Ryanair marks significant anniversary of operations at Shannon Airport

Ryanair marks significant anniversary of operations at Shannon Airport

Ryanair is marking 35 years of operations in Shannon Airport

RYANAIR has said it did consider moving flights away from Dublin Airport at the height of the recent delays in the capital – but ultimately decided against it.

Earlier this summer, many passengers were forced to wait hours at Dublin Airport due to staff shortages and lengthy security queues.

At the time, it sparked calls from Limerick’s business lobby to move some flights, at least on a temporarily basis, to Shannon in order to ease the congestion in Dublin.

Speaking on the matter for the first time, this week, Ryanair’s head of communications Jade Kirwan said: “Logistically, it wasn't feasible.”

She told Clare Live. “We were looking at every possible way we could alleviate any of the pressure. There are a lot of logistics going into a flight. It’s not simply a case of picking up a plane and moving it to a different airport. There are slots to consider, there is forward planning. Also in terms of our passengers, not everyone is able to travel to different airports particularly a distance away. Even in terms of crewing, getting crew down there who might be based in Dublin and beyond would have been tricky."

Ms Kirwan made the comments during an interview to mark Ryanair’s 35th anniversary in Shannon Airport.

Back in July 1987, the budget airline ran its first service to London Luton Airport. Now, it serves 24 destinations.

Earlier this year, Ryanair opened a new €10m aircraft maintenance hangar, in a move which created 200 jobs.

“It’s a big investment to make, one which we don’t make hastily, but one where we feel there is value which will return that investment,” she explained, “The fact we chose Shannon for that is again a really strong indicator of our relationship with Shannon and our commitment.”

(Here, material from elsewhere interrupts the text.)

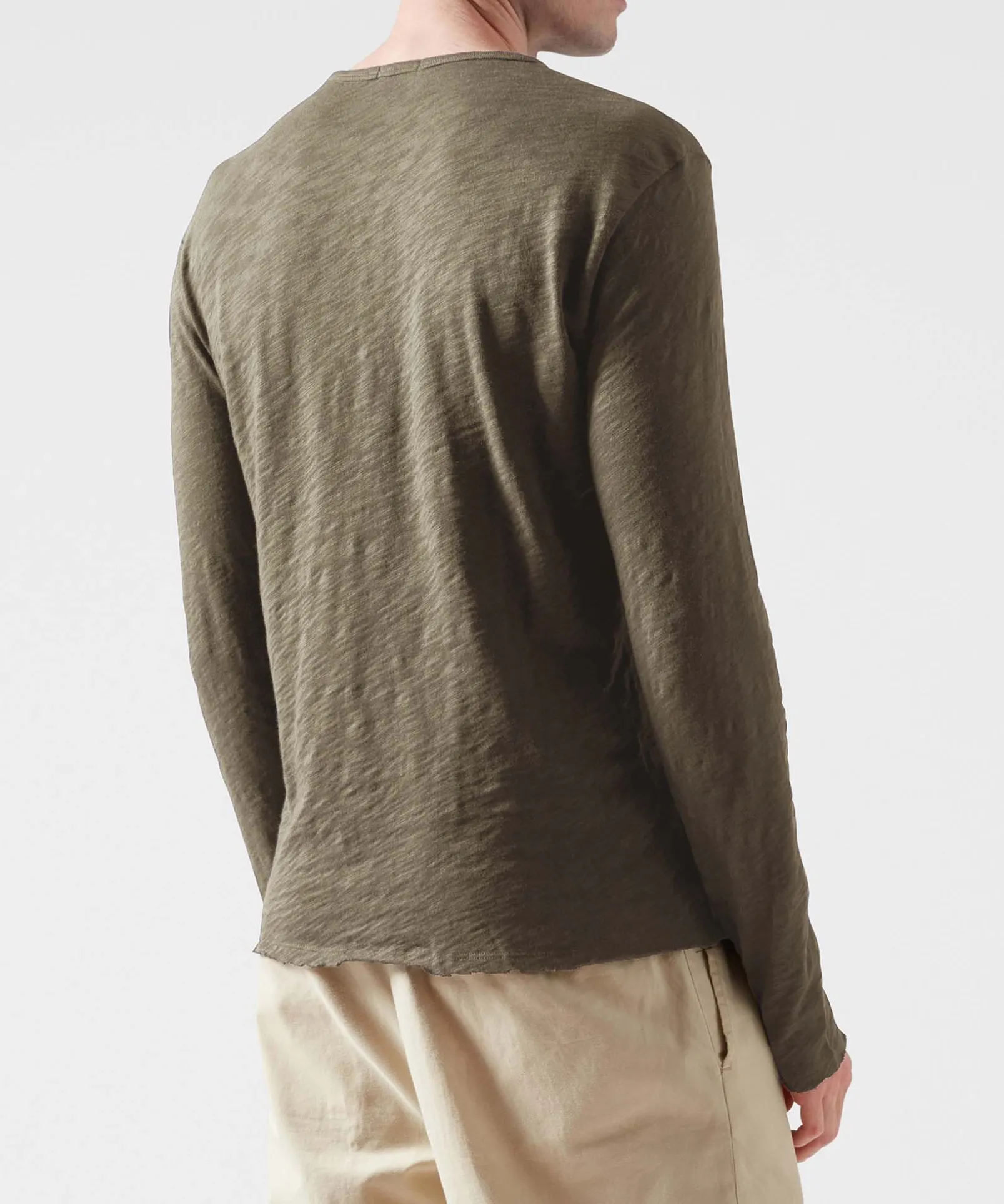 The Slub Jersey Destroyed Wash Henley gets its texture from the uneven yarns of our unique Peruvian Cotton. It features a refined neckline with a narrow placket for a slimming effect, and buttons dyed to match the exceptionally soft Peruvian Cotton composition. The modest drape, straight cut hem and meticulously measured neckline offer an elevated take on the classic silhouette.

On top of this, with its base in Shannon, Ryanair is responsible for around 250 jobs, with 880 positions reliant on the budget airline.

Much was made of company chair Michael O’Leary’s comments over the end of the era of the €10 ticket.

Ms Kirwan says the airline will remain price-competitive, pointing to €19.99 cross-channel flights on offer at Shannon now.

“We are always going to be low-cost, the lowest of the bunch. It’s our bread-and-butter. Although prices will go up, I don’t think they will be extortionate either,” she concluded.